I was ebullient. An appearance on local radio could be just the thing to kickstart my book sales. Given that the stories of my adventures with Holmes had already been published in the Evening Gazette, I needed to find a new audience. I wasn’t sure how many people tuned into the Charles Darlington Show, but it seemed safe to assume that not all of them read the Gazette.

 

That evening I bounded into the Twisted Lip to find Holmes at our usual table. “Sherlock,” I announced, “I’m going to be on the radio. BBC Tees have said I can promote my book.”

Holmes: The Darlington Substitution by Melvyn Small“Nice one, Doc. What time are you on? I might tune in.”

“I was wondering if you’d like to come along with me?”

“I’d rather step on a three-pin plug.”

“I’ll take that as a no then, shall I?”

“I would.”

I sighed. “But you will listen to it though? We can make a thing of it. I can bring my radio into the pub. I might need a few pints anyway. It’s never great listening to a recording of your own voice.”

I was damned if I was going to let his indifference knock my enthusiasm.

“When is it again?” queried Holmes.

“Wednesday, the week after next at two thirty.”

“Mm. I might be watching golf.”

“Golf?”

“Yeah, golf.”

“Do you like golf?”

“Not really. There’s not a lot of fun in trying to spot a white dot in the sky.”

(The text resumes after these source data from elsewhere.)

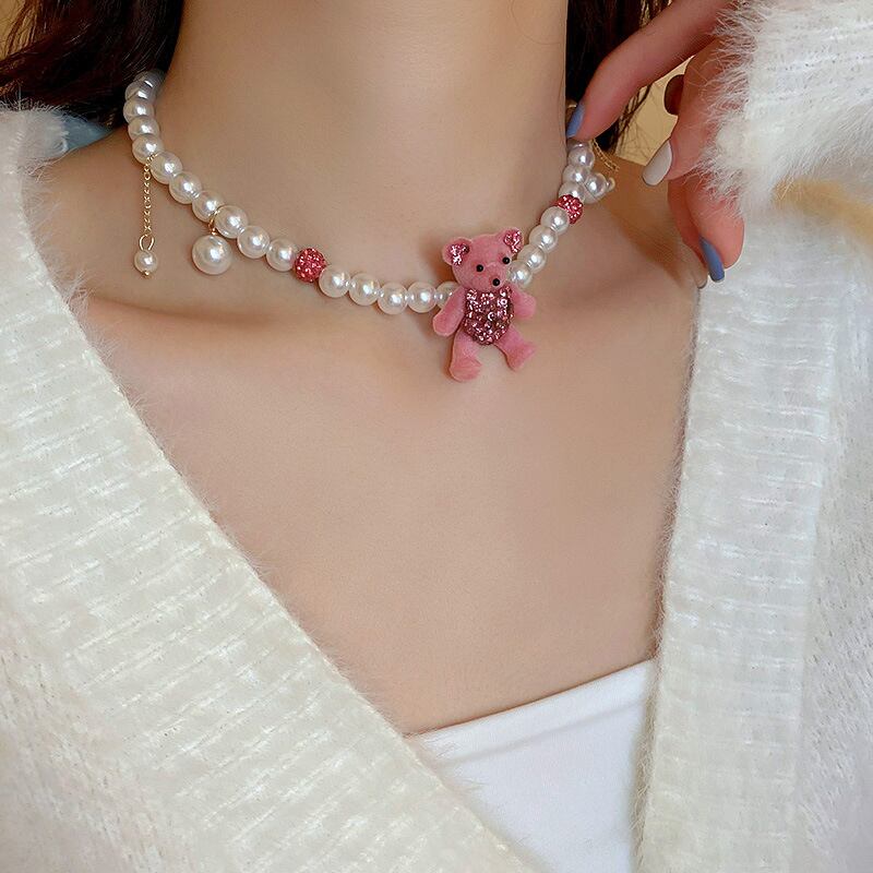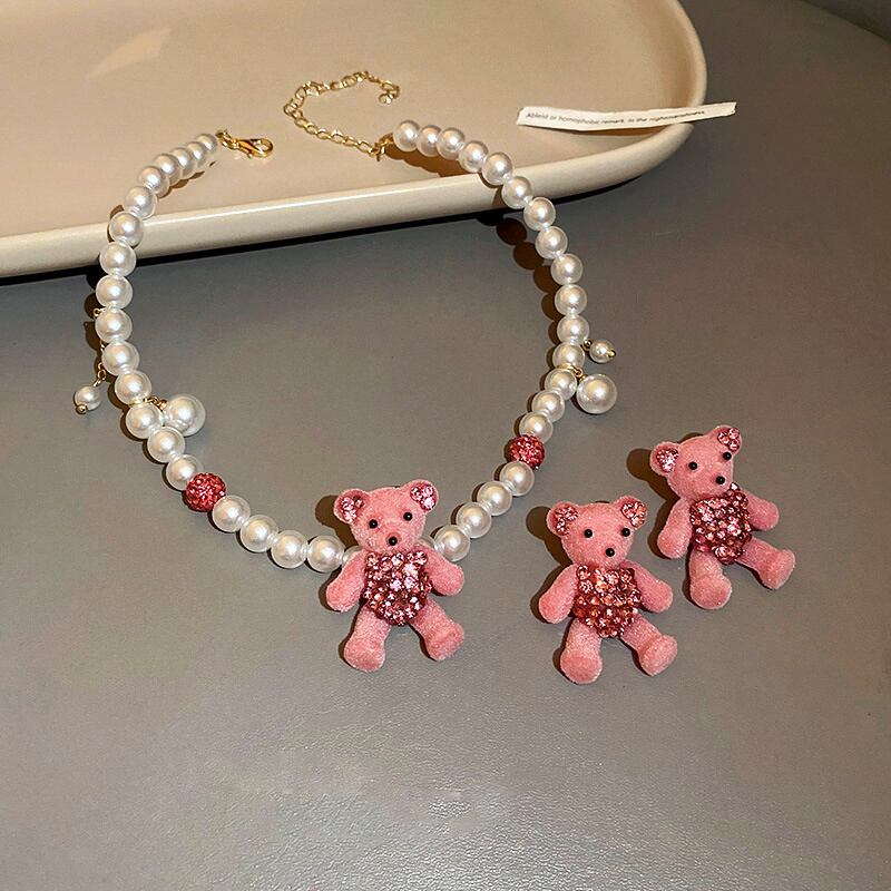 ファインパールピンク植毛リトルベアイヤリング女性ガールジュエリー AAA ジルコン S925 シルバーニードルスタッドパーティーギフト 真珠 指輪 銀
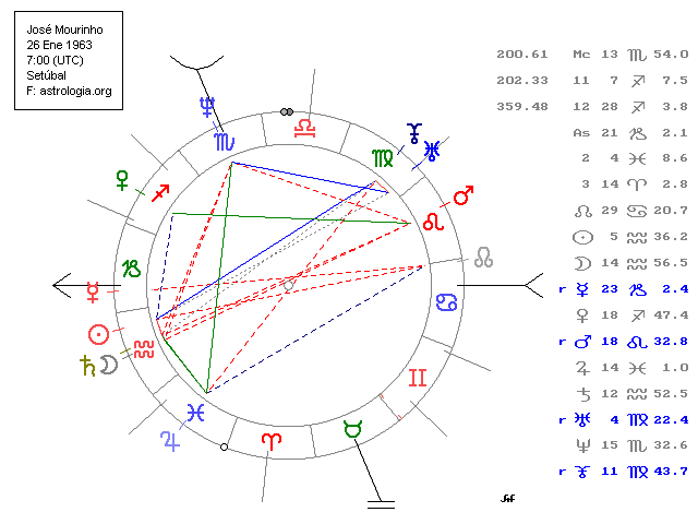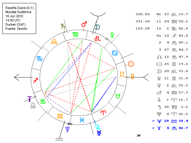 Higuaín ANÁLISIS DE ERRORES: La diferencia de forma entre ambos equipos es demasiado grande, mucho mayor que la diferencia en "dignidad" de los planetas significadores de ambos equipos. El Zaragoza acaba de subir de 2ª división e, inmerso en una mala racha (puesto 18º), acaba de cambiar de entrenador. Además, Saurno, el significador del Z., estaba únicamente mal aspectado. |
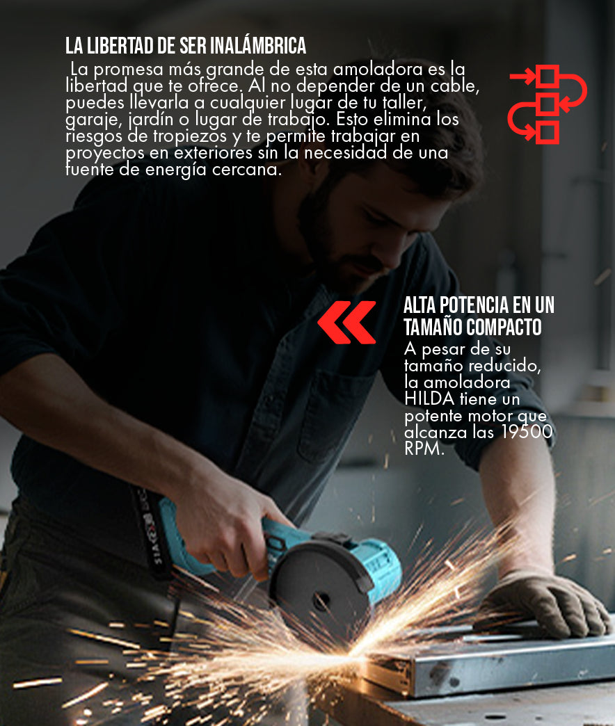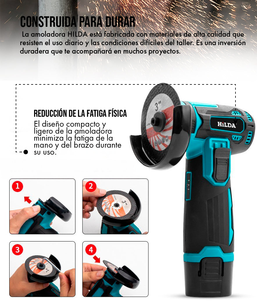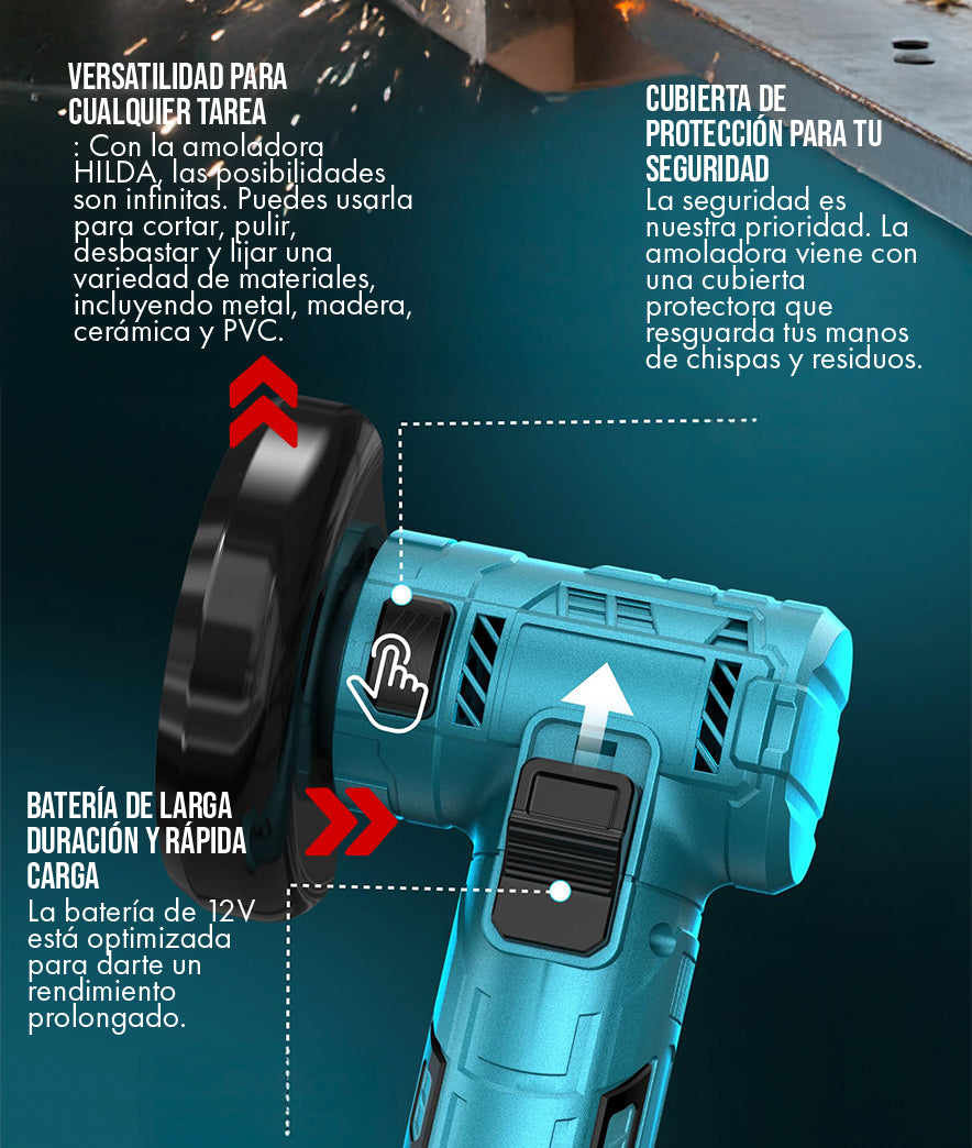 Sí, la amoladora HILDA ha sido diseñada pensando en la seguridad del usuario. Cuenta con un protector de disco ajustable para desviar las chispas y un interruptor de seguridad que previene el encendido accidental. Siempre recomendamos leer el manual de instrucciones y usar equipo de protección personal (gafas, guantes) antes de usar cualquier herramienta eléctrica.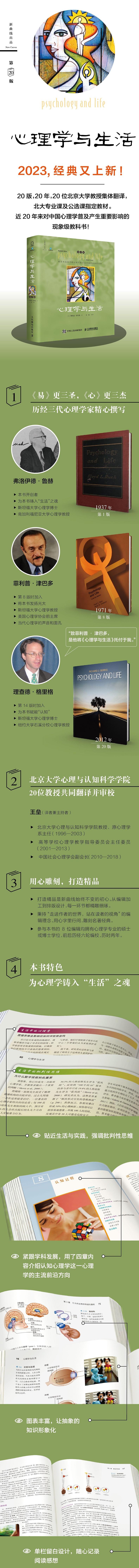 《心理学与生活》是心理学导论类教材的典范之作,半个多世纪以来,在全世界心理学界一直享有盛誉。1937年,美国斯坦福大学的弗洛伊德·鲁赫(Floyd L.Ruch)博士撰写了本书的第1版,大获成功,并独自修订至第7版。从第8版起,被誉为“当代心理学的声音和面孔”的美国社会心理学家菲利普·津巴多(Philip G.Zimbardo)开始加入本书的作者团队,并自第9版起成为第一作者。进入21世纪,认知心理学硕果累累,日益成为心理学的主流方向。为了使这部经典之作永立时代的潮头,自第14版始,津巴多教授盛情邀请耶鲁大学的认知心理学大家理查德·格里格(Richard J.Gerrig)加入,作为本书的第二作者。自第16版始,格里格任第一作者,主持本书的修订工作,并在近期新的第20版成为专享作者。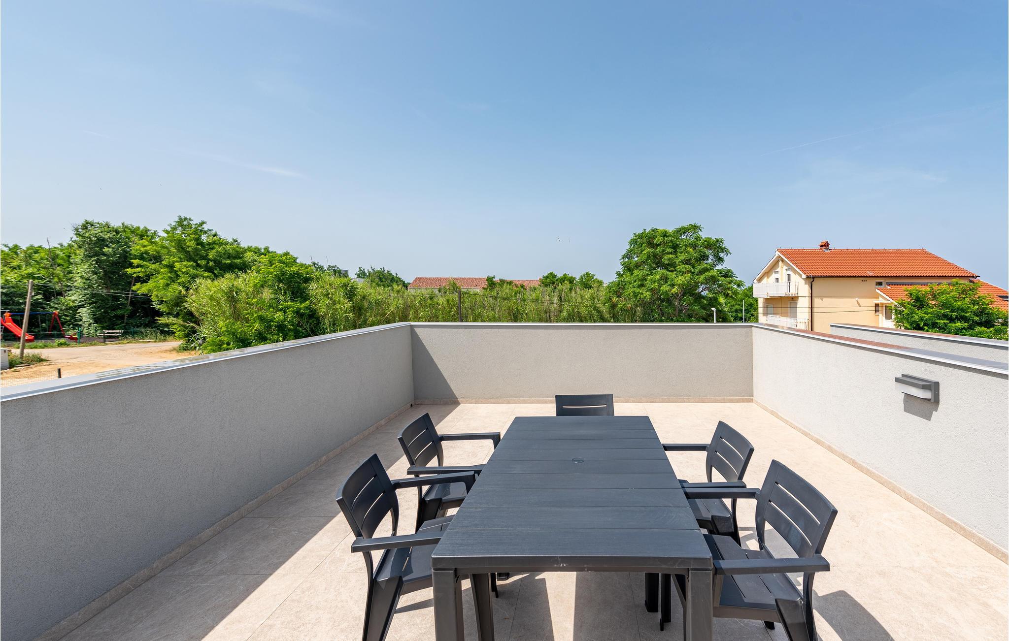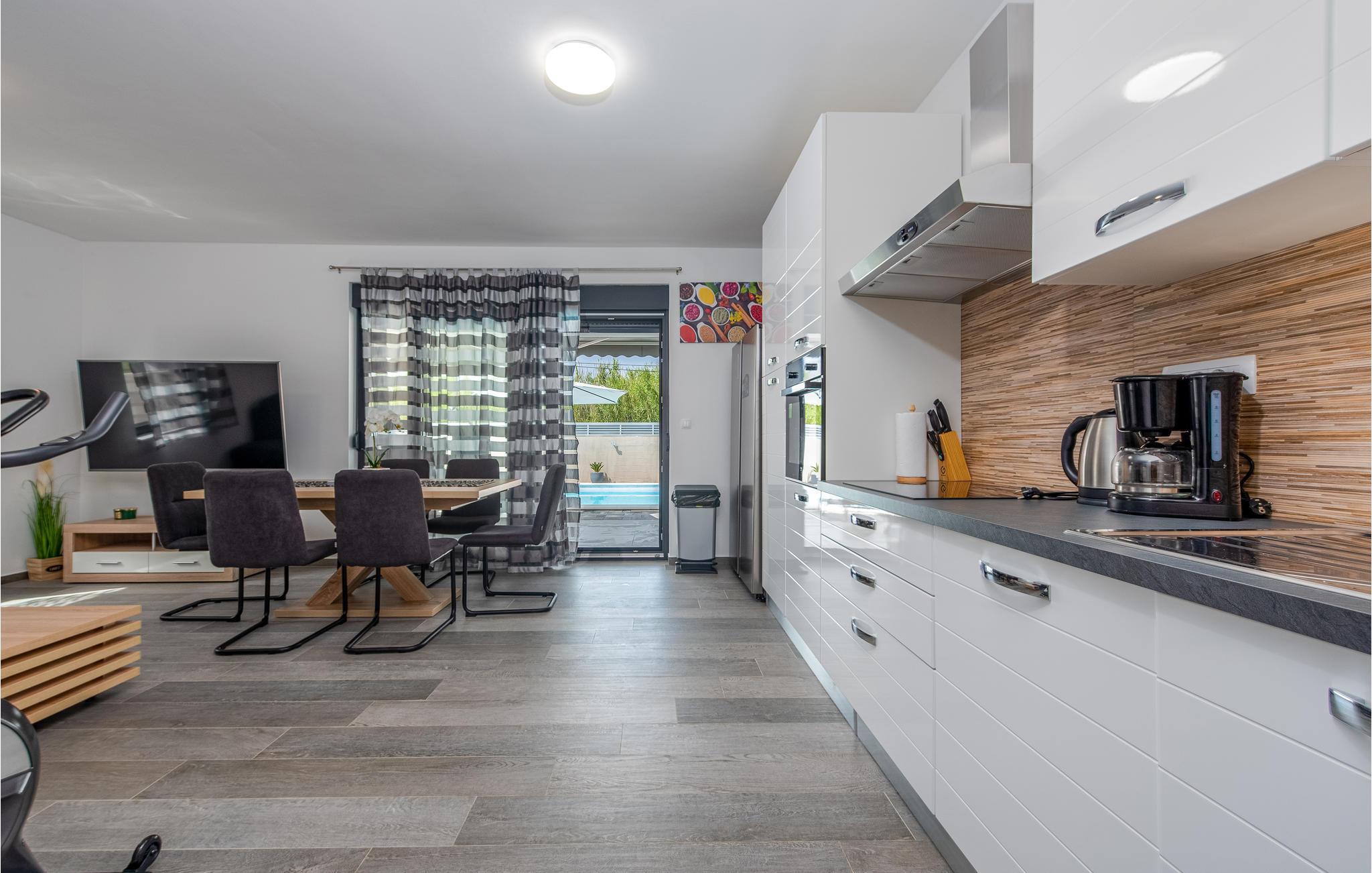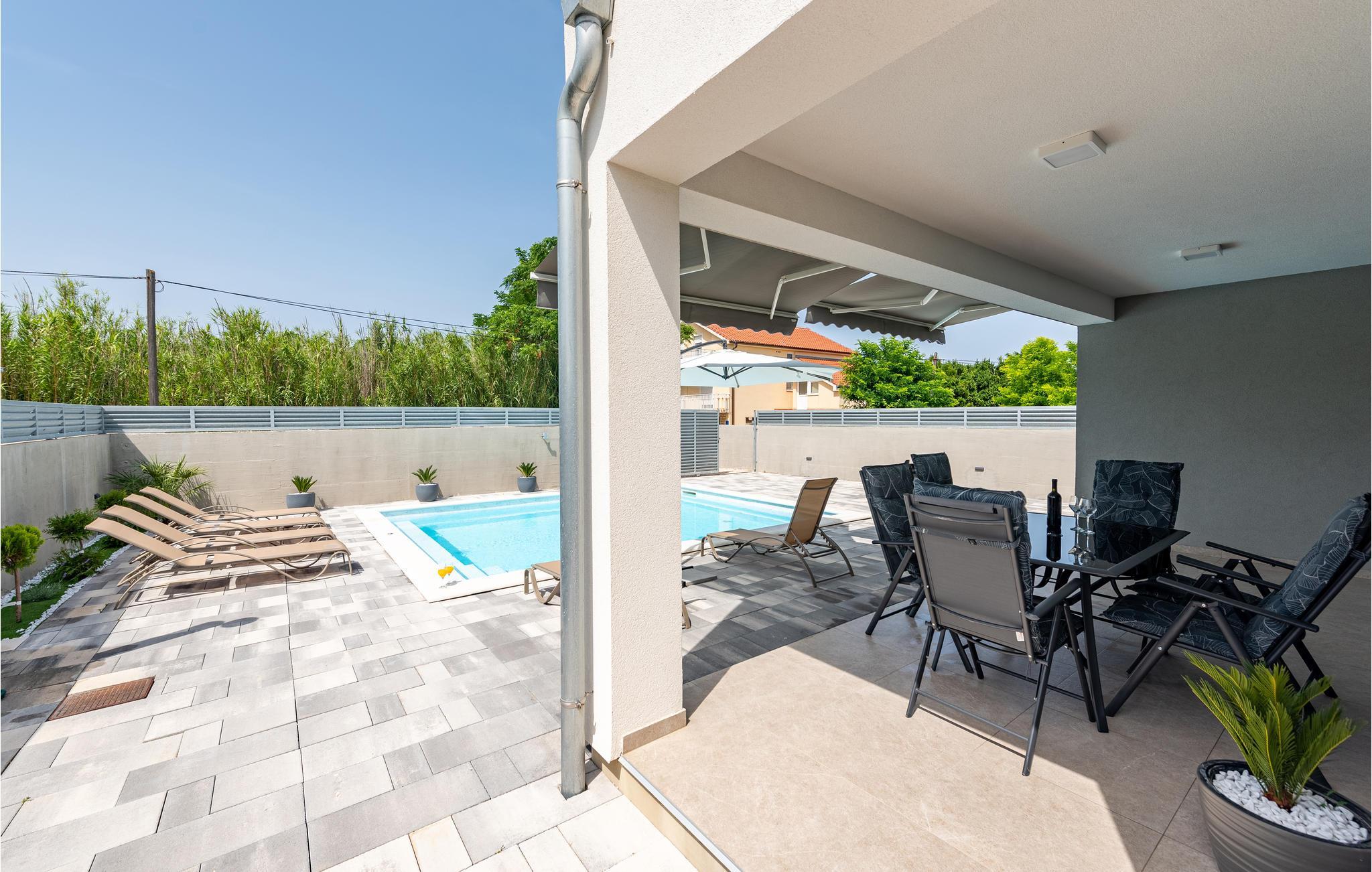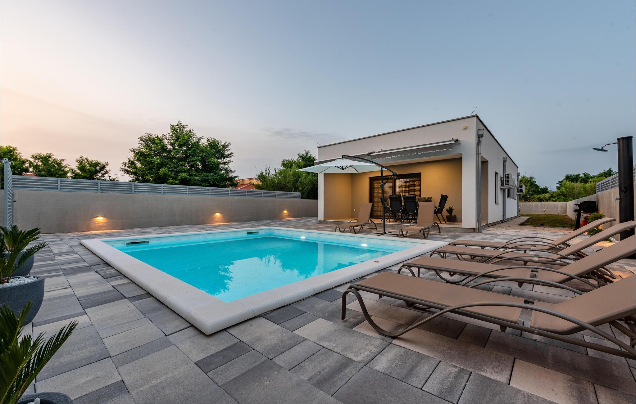 Dette moderne og familievenlige feriehus med pool byder jer velkommen nær stranden. Leder I efter den ideelle feriebolig til en afslappet ferie med en kort gåtur til havet og en kulturel og spændende by i nærheden? Så har I fundet det perfekte og moderne feriehus her. Det komfortable hus tilbyder jer alle bekvemmeligheder på ét plan, så I kan føle jer godt tilpas og hjemme her. Den skønne stue kombinerer madlavning, leg og afslapning, så I kan se børnene male, mens I fremtryller lækre retter i det lyse køkken. Nyd jeres måltider al fresco på den skyggefulde terrasse og hop derefter i poolen for at køle af. Mens børnene fortsætter med at lege i vandet, kan I føle jer godt tilpas på en liggestol. I kan også solbade i fred på tagterrassen, hvorfra I også kan få et glimt af havet. Grib jeres strandtaske og gå en tur til den nærliggende stenstrand. Dyk ned i havet og hop i bølgerne med jeres børn. Spil bold på stranden og slap af. Udforsk området på de andre dage af jeres ferie. Besøg byen Nin eller kør over broen til øen Vir. I vil også nyde en dag i Zadar og efterlade mange oplevelser og indtryk i jeres hukommelse.

My shoulders dropped as I sank into my chair like a disappointed teenager.

A broad grin fixed across his face. “Of course I’ll be listening to it. You’re right. We should have a bit of a party. Maybe Mary could knock up some sandwiches…  crisps, nuts, crab sticks, that sort of thing. Oh,” he exhaled, “we could have parmo in a bun.”

“Why don’t you join me?” I asked, hoping I could transform his change of mood into a change of mind.

“No,” came his response, reinforced by a single shake of the head. “I want nothing to do with it.”

“It’s a shame really,” I conceded as I slid further into my chair. “You could have helped me pick the songs.”

“What songs?” queried Holmes.

“It’s just that during my interview they’re going to play five songs and I get to choose them.”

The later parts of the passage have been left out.